To make this selection, start with the prerequisites for Windows Server 2008 as a minimum requirement, and then determine which of the following purchasing options will be used:

Use existing hardware. Organizations may already have server hardware resources that can be reconfigured and redeployed to publish applications through Terminal Services. The primary drawback for using existing machines is that the hardware configuration might not match the “ideal” configuration for the terminal server farm. These machines can differ significantly based on the age of the hardware, the system specifications, and other capabilities. Often, using existing hardware can decrease overall costs of implementation (cost avoidance) but may result in sacrificing standardization. Since the servers in each farm must publish the same applications, they should be of the same form factor in order to provide a consistent user experience. More powerful servers can be assigned a higher server weight in the farm so that the TS Session Broker directs more sessions to them. Where there is significant variation in the form factors of the available servers, this may require that additional farms be added to the design in order to improve uniformity within each farm. That will of course drive up implementation and management costs.
Purchase new hardware with the organization’s standard form factor. The success of this approach will depend on how close is the organization’s standard form factor to the “ideal” configuration for the terminal server farm. Using a volume-purchased hardware configuration may lower overall costs of implementation (cost avoidance); but if it is not a close match to the ideal configuration, additional hardware units may need to be purchased in order to deliver the required performance and throughput from a farm.
Purchase new hardware with a form factor that can be selected to best fit the requirements of the farms. In this case, the organization has the opportunity to procure a hardware configuration that optimizes the Terminal Services implementation, but if it differs from previous standard configurations, the per unit acquisition cost and initial support costs may be higher.

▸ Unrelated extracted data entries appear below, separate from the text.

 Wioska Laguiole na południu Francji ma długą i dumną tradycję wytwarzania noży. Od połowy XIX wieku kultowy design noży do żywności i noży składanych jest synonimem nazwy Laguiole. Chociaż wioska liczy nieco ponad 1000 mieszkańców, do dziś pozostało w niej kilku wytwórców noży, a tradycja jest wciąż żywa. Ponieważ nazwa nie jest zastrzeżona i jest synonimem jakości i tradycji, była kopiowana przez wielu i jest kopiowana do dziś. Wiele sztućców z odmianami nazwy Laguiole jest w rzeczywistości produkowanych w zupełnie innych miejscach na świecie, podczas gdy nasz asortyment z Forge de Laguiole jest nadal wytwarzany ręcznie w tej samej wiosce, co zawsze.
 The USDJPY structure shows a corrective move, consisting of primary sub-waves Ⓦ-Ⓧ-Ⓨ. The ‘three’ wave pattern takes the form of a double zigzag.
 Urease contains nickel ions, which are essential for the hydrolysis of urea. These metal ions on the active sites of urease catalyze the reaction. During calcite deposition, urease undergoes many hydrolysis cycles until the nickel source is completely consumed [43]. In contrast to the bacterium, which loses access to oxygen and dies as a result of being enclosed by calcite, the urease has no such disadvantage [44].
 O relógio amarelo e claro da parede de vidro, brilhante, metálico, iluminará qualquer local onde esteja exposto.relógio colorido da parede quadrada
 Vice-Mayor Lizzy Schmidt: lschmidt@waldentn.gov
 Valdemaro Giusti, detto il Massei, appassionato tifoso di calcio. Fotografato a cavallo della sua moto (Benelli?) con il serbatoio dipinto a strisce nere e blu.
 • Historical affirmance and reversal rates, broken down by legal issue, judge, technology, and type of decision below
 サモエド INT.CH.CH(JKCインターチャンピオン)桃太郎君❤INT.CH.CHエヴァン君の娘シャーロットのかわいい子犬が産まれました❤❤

When purchasing new hardware, there is no precise practical means of choosing a form factor. In the best case, the testing in step 7: task 2 will be conducted across several form factors, and the configuration that performs the best with the most users will be selected. It may be necessary to review this step and the defined strategy when applications are actually allocated to each farm. It is not uncommon to iterate several times through form factor decisions to find the optimal configuration.

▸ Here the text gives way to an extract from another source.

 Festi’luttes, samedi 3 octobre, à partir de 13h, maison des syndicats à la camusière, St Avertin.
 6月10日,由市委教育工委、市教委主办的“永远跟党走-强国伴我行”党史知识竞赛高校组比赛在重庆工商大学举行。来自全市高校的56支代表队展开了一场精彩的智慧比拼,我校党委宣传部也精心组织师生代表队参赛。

Follow these guidelines, which are presented in priority order, to determine the ideal form factor for the servers:

64-bit versus 32-bit architecture. The 64-bit architecture removes kernel address space limitations that affect the number of terminal server sessions that are supported by the operating system in the 32-bit architecture. 64-bit architecture will be able to support more user sessions. The most significant performance drawback when migrating to 64-bit architecture is significantly higher memory usage.
Use large memory. In the Terminal Services environment, where many users are sharing the same application, large memory can significantly improve performance because it allows each user’s work to remain in-memory rather than being swapped out to a physical disk. Additional memory will also reduce the disk I/O demand for this reason. If 64-bit architecture is being deployed instead of 32-bit, consider implementing more memory, perhaps twice as much memory.
More numerous, smaller disk spindles rather than a fewer large disks. Consider using a RAID configuration for disk fault tolerance. The key to performance though is in the total disk IOs per second (IOPS). In order to increase the IOPS for the disk subsystem, consider using more numerous, smaller disks rather than fewer but larger disks. This approach distributes the work load across more spindles, thereby increasing the overall performance. The number of spindles used has a significant effect on the response times for file access. The disk activity generated on a typical terminal server system affects the following three areas:
- System files and application binaries
- Page files
- User profiles and user data
Ideally, these three areas should be supported by distinct storage devices. Use storage adapters with a battery-backed cache that allows write-back optimizations. Controllers with write-back cache support offer improved support for synchronous disk writes. Because all terminal server users have an individual hive, synchronous disk writes are significantly more common on a terminal server system. Registry hives are periodically saved to disk by using synchronous write operations.
Use multi-core CPUs. In the multi-user environment of terminal server, multiple processors and cores can help reduce CPU congestion.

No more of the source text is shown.